Quantifying Information Content of Multiparametric MRI Data for Automatic Tumor Segmentation using CNNs
Lars Bielak1,2, Nicole Wiedenmann2,3, Thomas Lottner1, Hatice Bunea2,3, Anca-Ligia Grosu2,3, and Michael Bock1,2

1Dept.of Radiology, Medical Physics, Medical Center University of Freiburg, Faculty of Medicine, University of Freiburg, Freiburg, Germany, 2German Cancer Consortium (DKTK), Partner Site Freiburg, Freiburg, Germany, 3Department of Radiation Oncology, Medical Center University of Freiburg, Faculty of Medicine, University of Freiburg, Freiburg, Germany


Multimodality imaging with CT, PET, and MRI is the basis for precise tumor segmentation in radiation therapy. We analyze which MR imaging contrasts mainly improve the segmentation performance of a CNN by training multiple networks using different input channels. The predictive value of 7 different contrasts is compared for two tumor regions, gross tumor volume and lymph node metastasis, in head and neck tumor patients.


Multimodality imaging with CT, PET, and MRI is the basis for precise tumor segmentation in radiation therapy (RT). With an increasing amount of multi-modal image information, automatic segmentation of the tumor has become feasible. Convolutional Neural Networks (CNNs) are among the highest scoring algorithms for this task1–5. The predictive performance of a CNN improves with the amount of input data with distinctly different information, e.g. the different MR contrasts in multiparametric MRI. Thus, in this study it is analyzed which imaging contrasts mainly improve the segmentation performance of a CNN. Therefore, in a head and neck tumor study CNNs are individually trained with different input channels (MR contrasts), and the results are compared.

Materials and Methods

To quantify the contribution of different MR contrasts on the segmentation performance, CNNs were trained with data from a RT study in head and neck tumor patients. In total, 7 different input channels were used: pre-contrast T1w and T2w fast Spin Echo, a T2* map from multi-echo GRE, perfusion maps ktrans and ve from a dynamic contrast-enhanced acquisition, an ADC map acquired from diffusion-weighted EPI data and T1w VIBE post-contrast water image (Dixon); the relevant sequence parameters are listed in Table 1. In the study, 8 CNNs were trained: one with all channels, and 7 in which one of the available input channels was not used.

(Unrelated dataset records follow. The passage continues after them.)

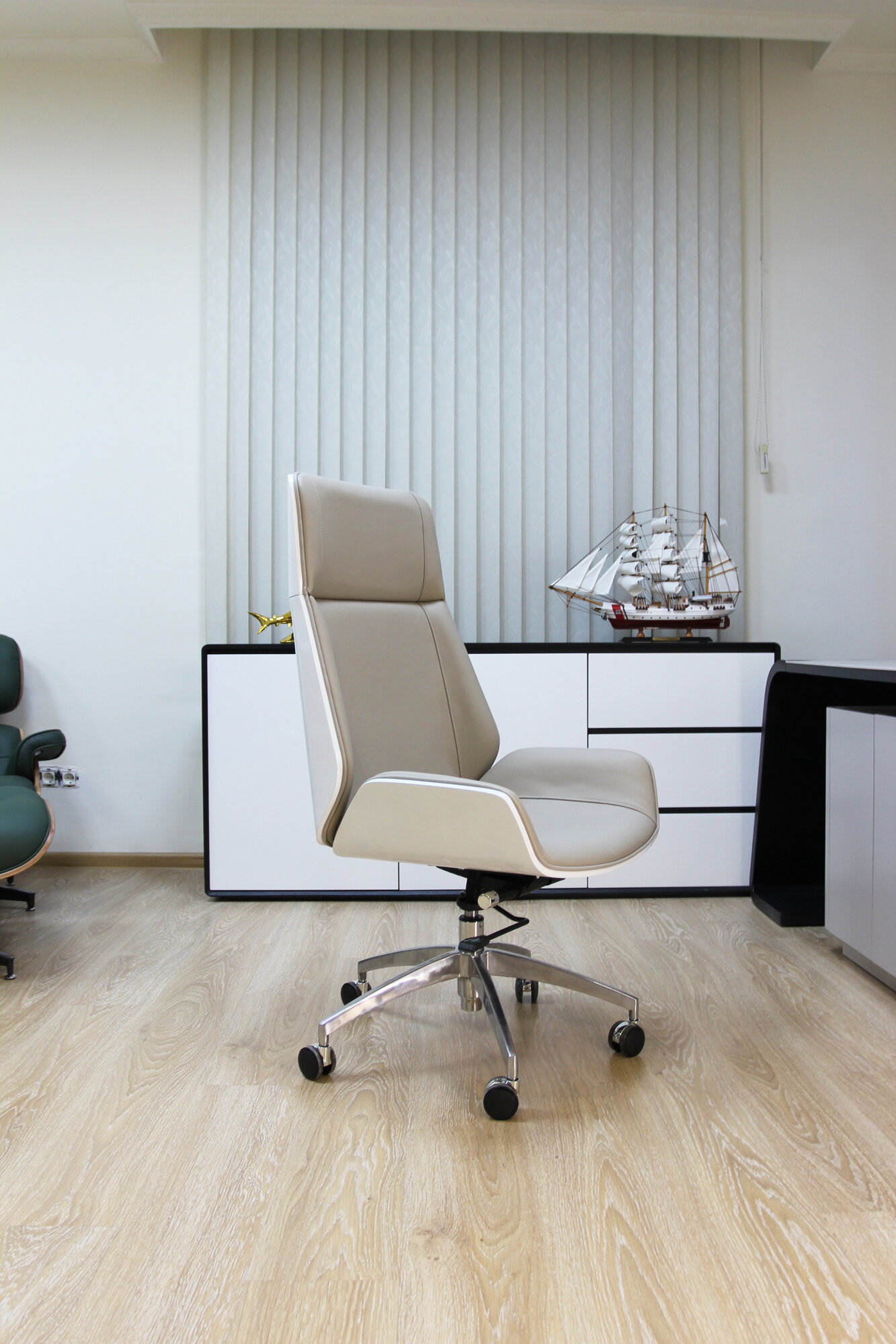 Отзывы на Norden Patio кресло руководителя (цвет: серый, с белой глянцевой спинкой, натуральная кожа )
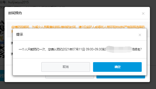 選擇預(yù)約日期及預(yù)約時(shí)間段,一個(gè)人只能預(yù)約一次,請考慮清楚后再確認(rèn)提交預(yù)約時(shí)間。
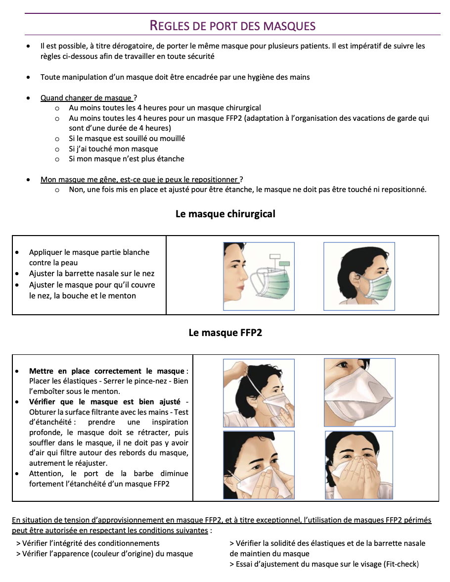 • Porter un masque avant d’entrer dans le cabinet (couvrant nez, bouche et menton)
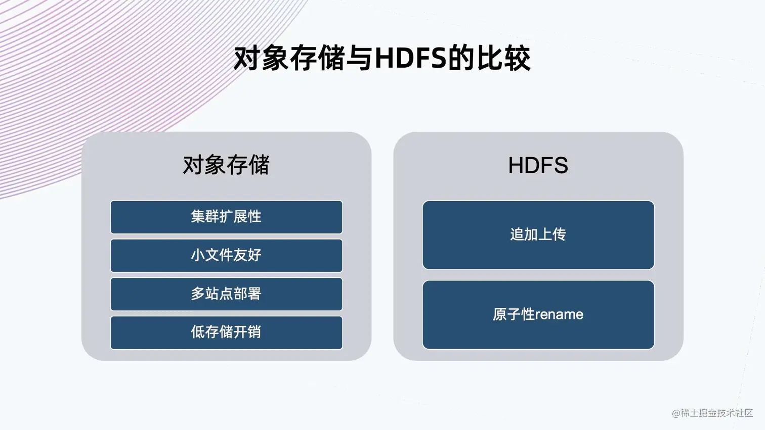 如下所示,我们从各个角度将对象存储和 HDFS 进行对比。
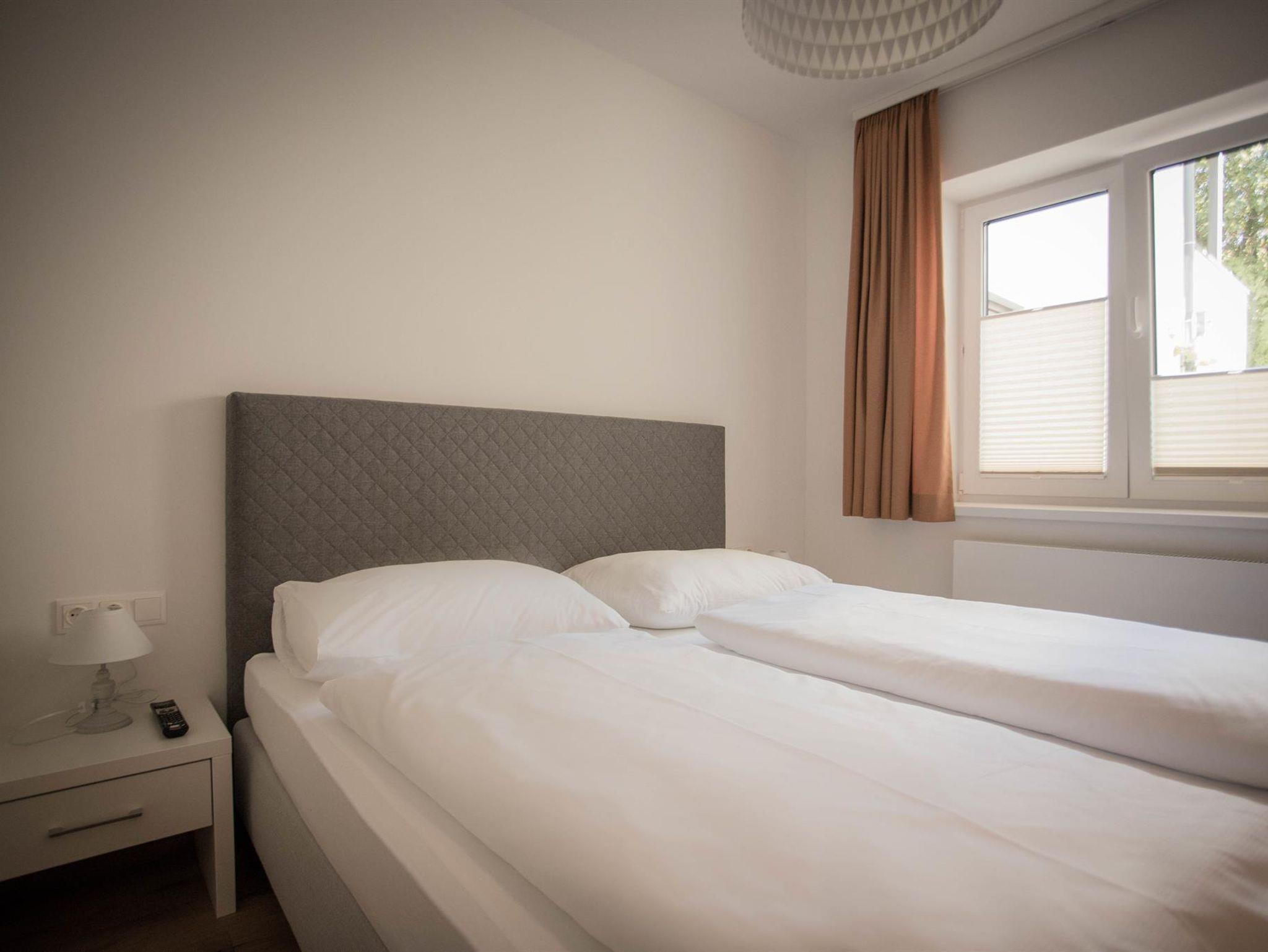 Das App. hat 2 getrennte Schlafzimmer, beide mit Boxspringbetten, 2 Badezimmer mit Dusche (eines davon behindertengerecht), 2 WC (eines davon separat) und einen gemütlicher Wohn- und Essbereich mit offener Küche.

A total of 25 patients were imaged at a 3 T MRI system (Tim Trio, Siemens Healthineers, Erlangen, Germany) before (week 0) and 2 and 5 weeks into RT. Each of the 3 examinations was treated as an independent dataset. After excluding corrupted or inclomplete data, 36 sets with all 7 input channels were available. These were randomly split into 28 training-, 7 validation- and 1 testing-set.

As ground truth, gross tumor volumes and lymph node metastasis (GTV-T, GTV-LN) were contoured by a radiation oncologist and a radiologist. For CNN training, weighted contrasts (T1w, T2w, T1-VIBE-Dixon) were normalized to zero mean and unit standard deviation. The physical parameters ADC, T2*, ktrans and ve were rescaled based on a histogram approach with equal rescaling values for each parameter map.

A 10 layers deep CNN with a receptive field of 9.5×9.5×6 mm³ at a resolution of 0.45×0.45×2 mm³ was trained5. Layers 3,4,6,7 and 9 included residual connections6 to their previous layers. A second subsampled pathway with the same architecture and a subsampling factor of 5×5×1 was added to the network. Both pathways were merged and processed by two FC-layers. With every CNN the complete data were segmented and resulting probability maps were passed to the subsequent CRF for further refinement5.


In figure 1 the change of the Dice coefficient during training is plotted. As can be seen, the improvement of segmentation performance is dependent on the provided input channels. The Dice coefficient of whole foreground (GTV-T and GTV-LN) vs background is lower when ADC and T1 VIBE are left out, whereas ktrans and ve have only a small effect on the segmentation quality.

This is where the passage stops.